All that is needed is the line containing "2.下面哪些图形是轴对称图形" and the lines after it to the end of the material, written out exactly, pictures left aside.

[Opening Information provided section]

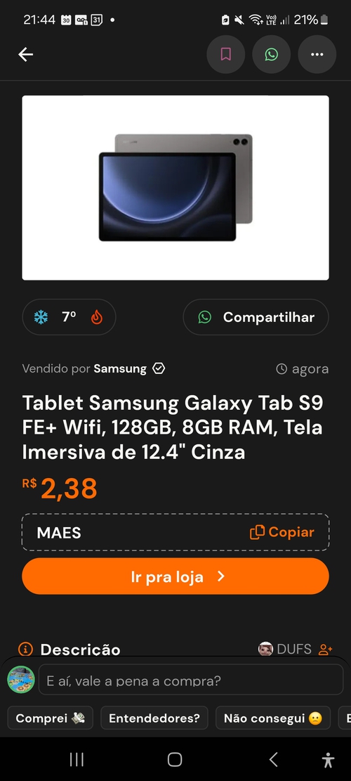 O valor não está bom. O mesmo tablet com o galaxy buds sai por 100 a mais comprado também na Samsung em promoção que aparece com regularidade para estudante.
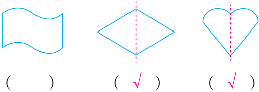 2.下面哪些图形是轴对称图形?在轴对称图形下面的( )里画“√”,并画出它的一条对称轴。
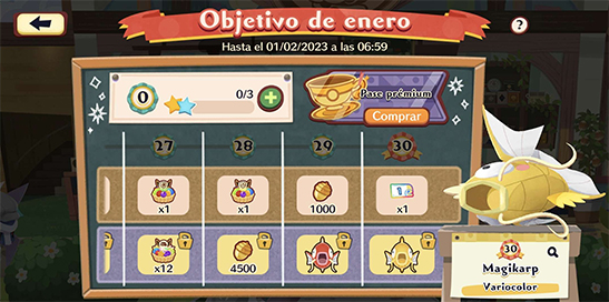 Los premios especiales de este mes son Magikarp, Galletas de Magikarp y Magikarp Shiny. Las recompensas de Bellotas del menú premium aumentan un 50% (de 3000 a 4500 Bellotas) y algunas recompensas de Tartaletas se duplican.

[Closing Information provided section]

Exercise solution:
 2.下面哪些图形是轴对称图形?在轴对称图形下面的( )里画“√”,并画出它的一条对称轴。
 Los premios especiales de este mes son Magikarp, Galletas de Magikarp y Magikarp Shiny. Las recompensas de Bellotas del menú premium aumentan un 50% (de 3000 a 4500 Bellotas) y algunas recompensas de Tartaletas se duplican.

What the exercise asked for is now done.